Les amendements au Code Pénal sont tout autant notables. Dans l’état actuel des lois, la notion de viol entre époux n’existe pas. Or, le viol conjugal sera reconnu comme un délit si les changements envisagés par la ministre sont adoptés par le Parlement. Ce qui permettra à la femme de faire valoir ses droits même dans la sphère privée. Un tel changement est fondamental. Des violences commises dans l’intimité ne bénéficieront plus d’immunité.

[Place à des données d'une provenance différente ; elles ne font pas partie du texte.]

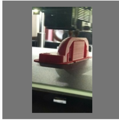
Plastic Die Mould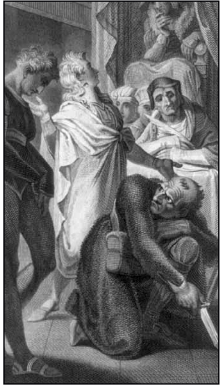
This is a scene from Shakespeare's The Merchant of Venice that features Bassanio and Shylock.

stuff of a comic villain, an almost stock character in Elizabethan drama—and one that Shakespeare's audience would know how to laugh at and enjoy.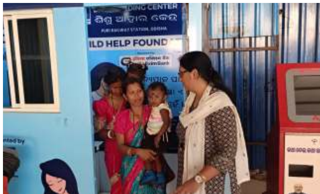
Puri Railway Station Puri, Odisha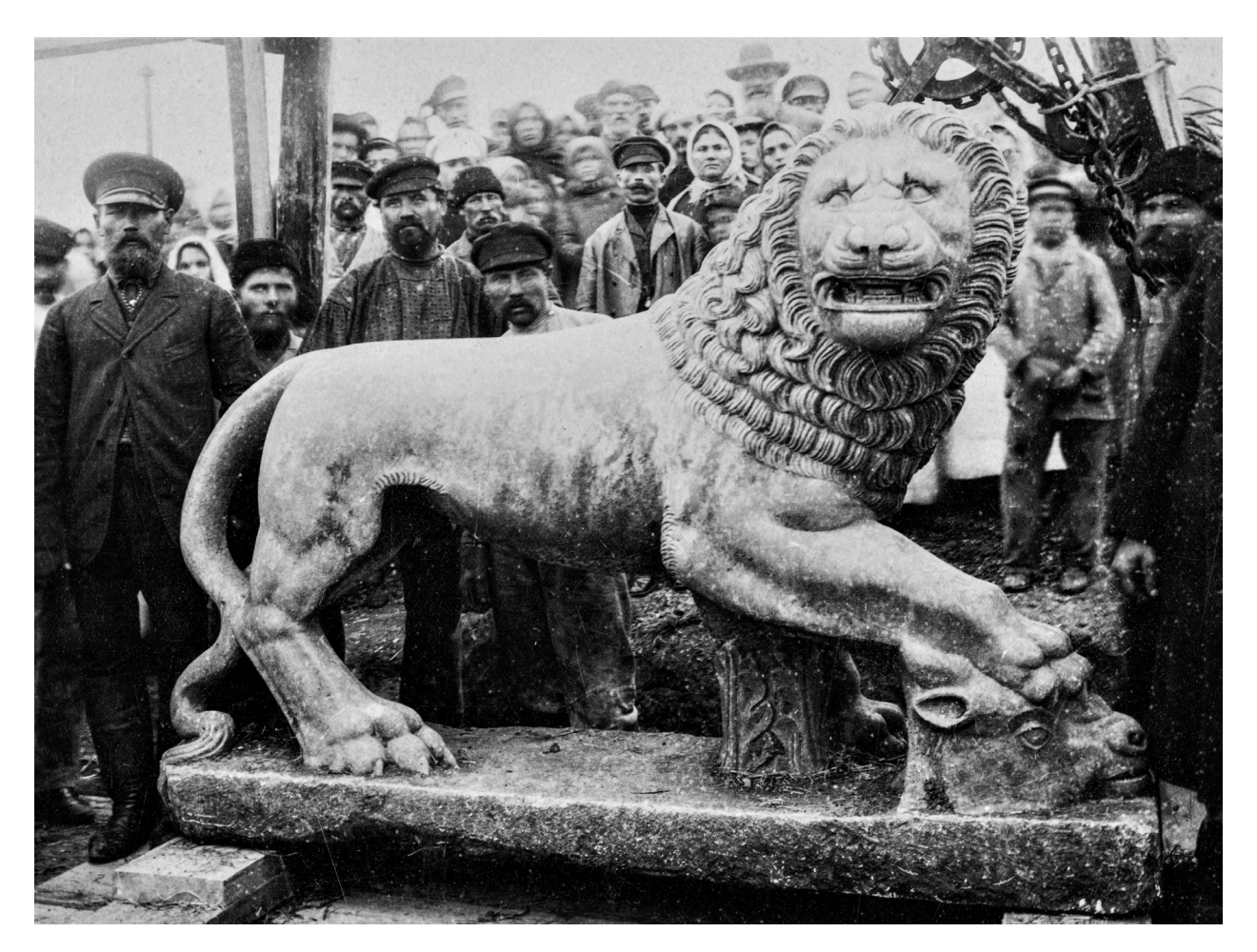
Fig. 3. Lion statue after lifting out of the pit (Photograph from Scientific Archive of the Institute for the History of Material Culture, St.-Petersburg: fund 1, 1894, case 158, page 152)

Fig. 2. Lion Tumulus. Statue of lion in the discovery moment (Photograph from Scientific Archive of the Institute for the History of Material Culture, St.-Petersburg: fund 1, 1894, case 158, page 150)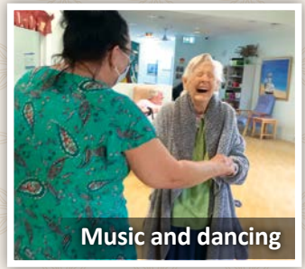
Music and dancing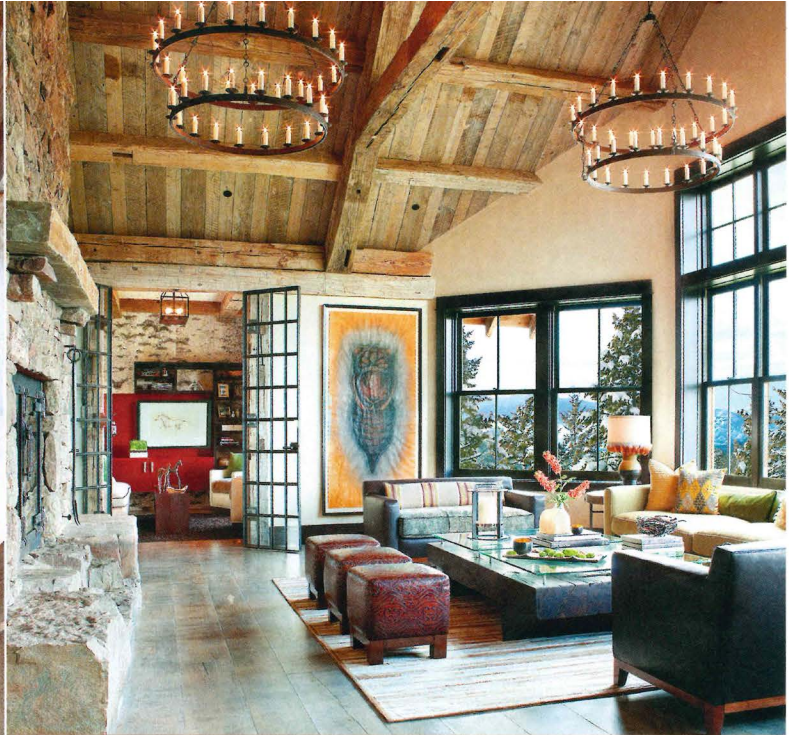
ABOVE: The home relies on typical Western materials, applied in both conventional and uncommon ways. The double-sided fireplace is made of Harlowton Stone from Montana. LEFT: The lounge takes the place of a formal dining room, which the owners felt they'd rarely use. The square iron tables were built by Custom II Manufacturing in Bozeman. BELOW: Embodying the home's rustic-contemporary vibe, the chainmail chandelier was custom-made by CP Lighting in Milwaukee.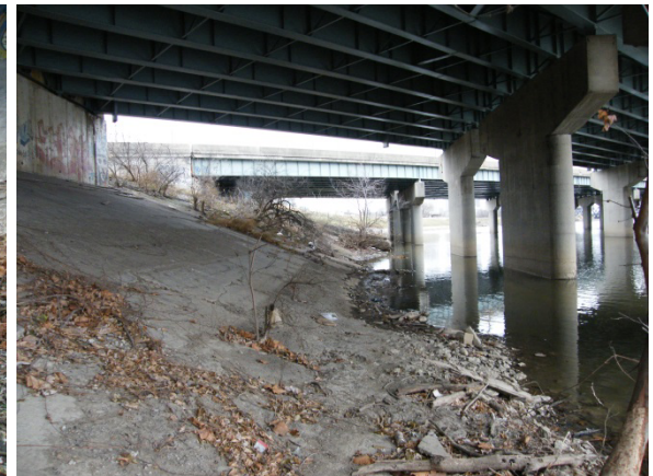
Photograph D-72: On East Bank Flap Gate on Storm Outlet Approximate Location of Proposed Ramp C5 Bridge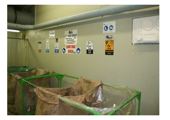
CTICC Waste Sorting Area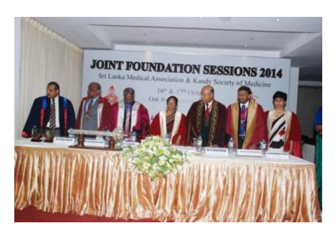
Head table of the inauguration ceremnony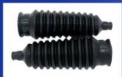
Steering Gear Boots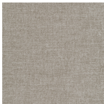
280 Avella, Sand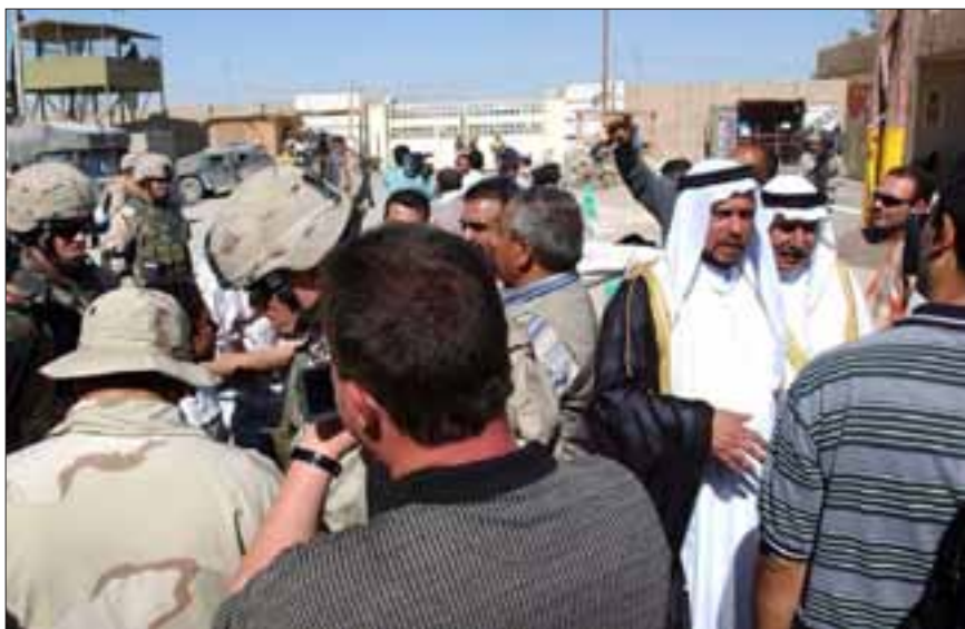
Soldiers, local sheiks and Iraqi media members crowd together during a recent detainee release program held at Camp Hawk, home of the 303rd Iraqi National Guard Battalion. The 91st Engineer Battalion, 2nd Brigade Combat Team, 1st Cavalry Division provided security measures that facilitated the orderly release of the former prisoners.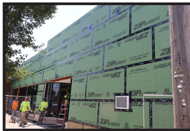
Entrance of Three Oaks location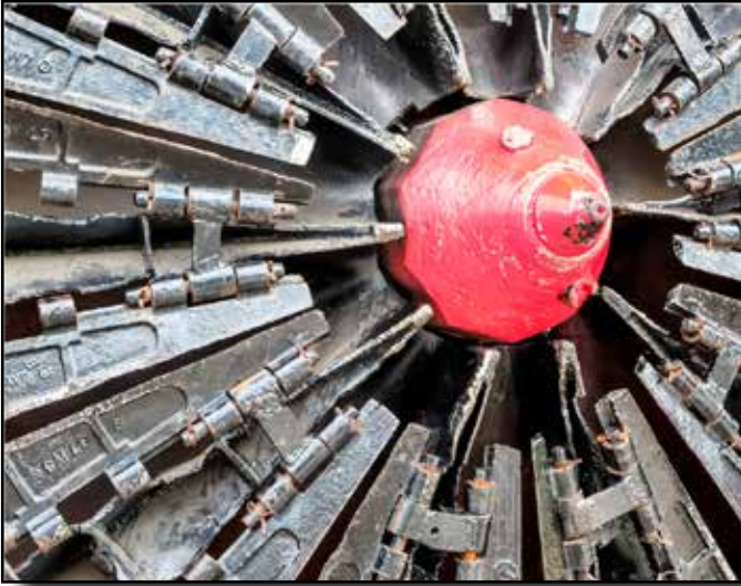
"White Pass Railroad Snowplow" by Werner Krueger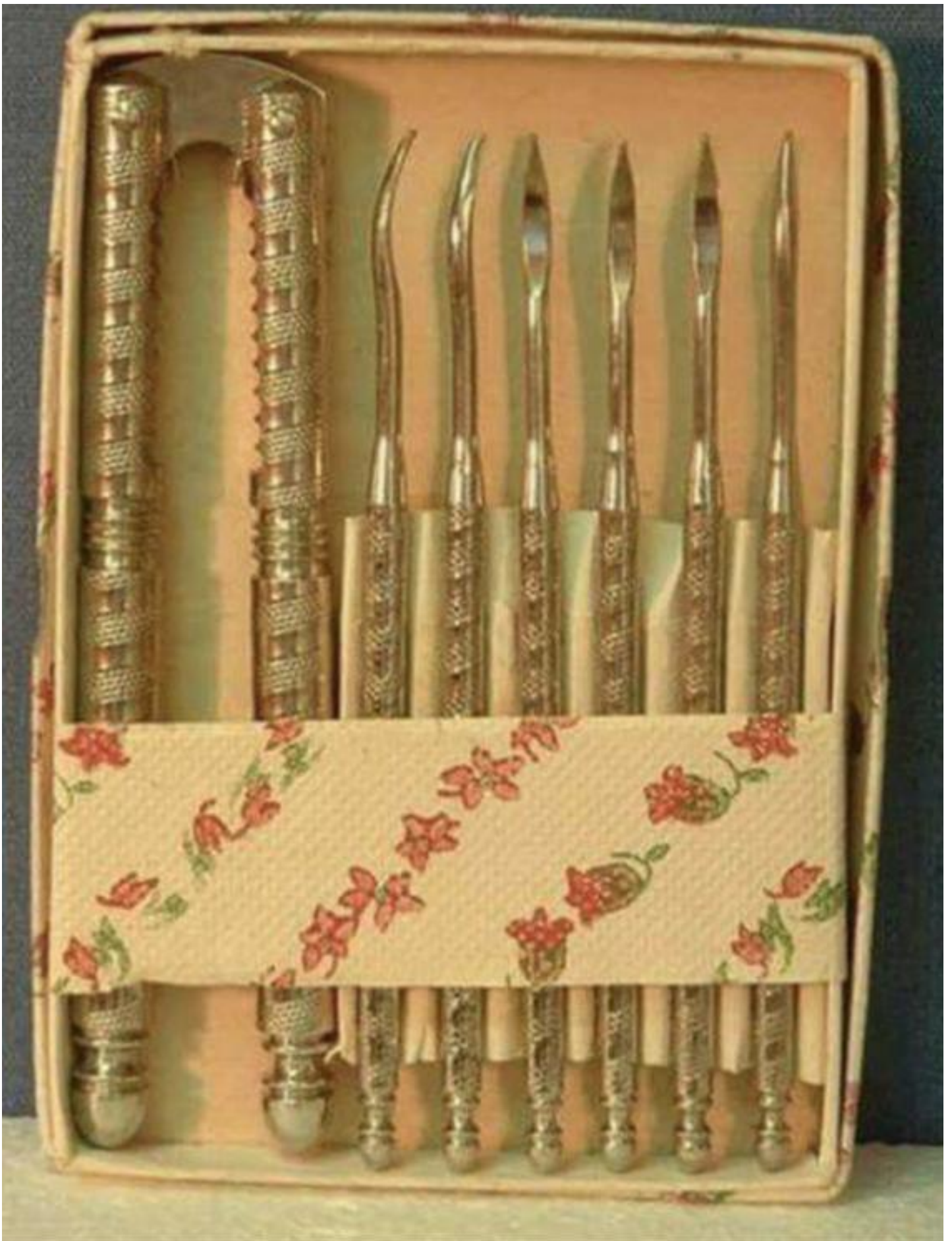
If you know full well that these are not medieval torture devices...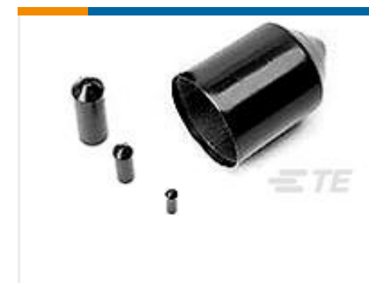
TE Part #843052-000 101A052-3-0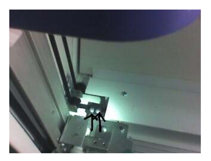
Loosen the 2 screws below the picker cup and pivot the bottom of the "Y" axis left or right until the bottom gap is the same distance from the wall as the top gap.

Check Allen head screws behind the "Y" motor if loose remove, coat threads with loctite and replace.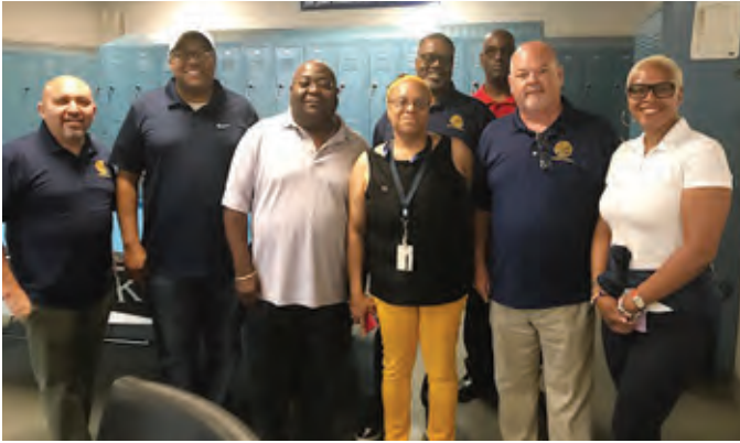
International TUUS Staff with Local 171 members in Ann Arbor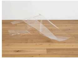
Olga Balema Loop 12, 2023 Polycarbonate sheeting, solvent 12 × 27 × 25 inches

GROUND FLOOR CLOCKWISE FROM THE ENTRANCE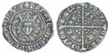
1876* Henry VI , (first reign, 1422-1461) annulet issue, (1422-30) halfgroat, Calais (S.1840). Toned, very fine.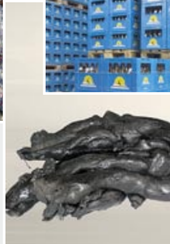
e.g. caked material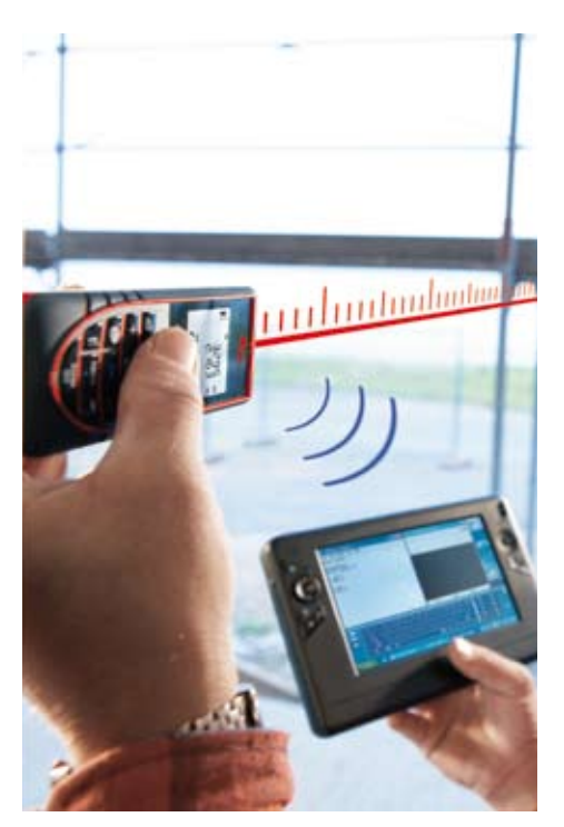
Measure distances in just a few seconds and use them immediately in your Pocket PC or PC.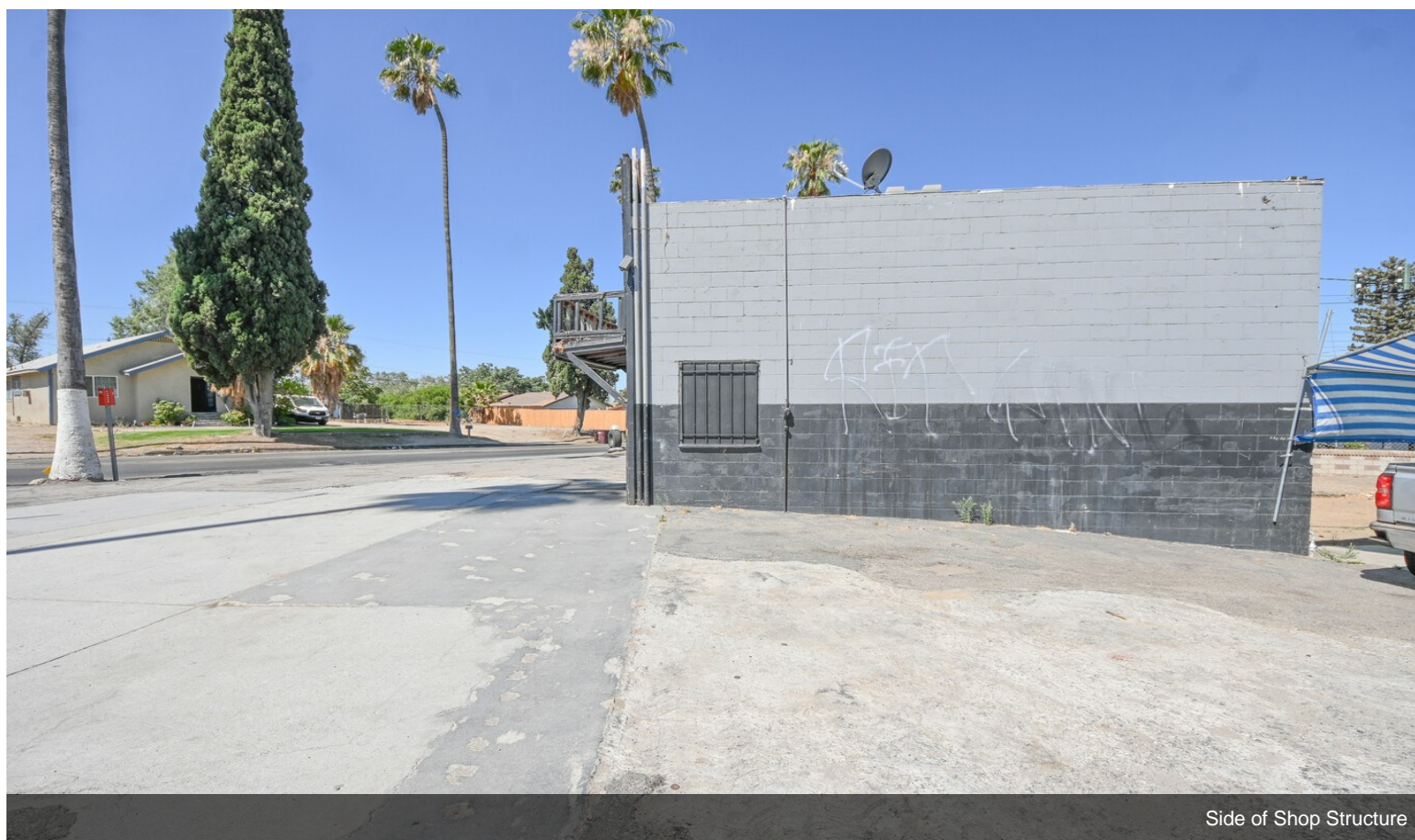
Side of Shop Structure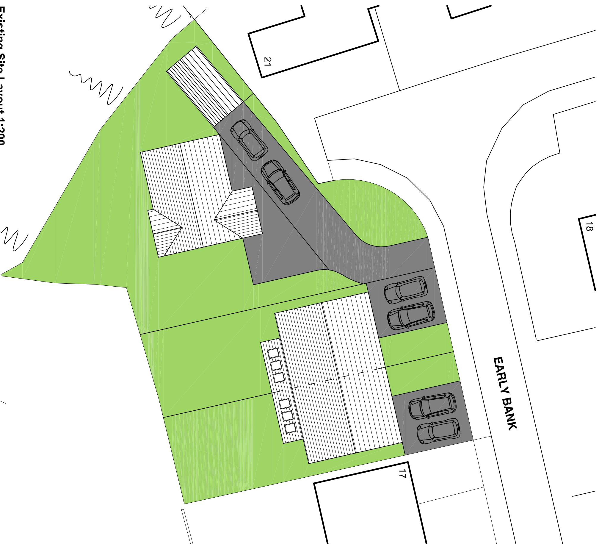
Existing Site Layout 1:200

D’autres mesures progressistes sont envisagées. Il n’y aura pas de clémence pour les auteurs d’agressions ayant pour motif l’adultère. Les abus sexuels à l’égard des femmes en situation de handicap seront plus sévèrement réprimés. Ou encore, des témoignages filmés seront admissibles pour protéger des victimes qui ne veulent pas confronter leur agresseur.

Ces changements législatifs constitueront un réel progrès. Pour envoyer un signal fort à la société, ils doivent être accueillis par l’ensemble de la classe politique. Ici, personne n’osera imaginer que c’est une vendetta à l’égard de tel ou tel camp politique.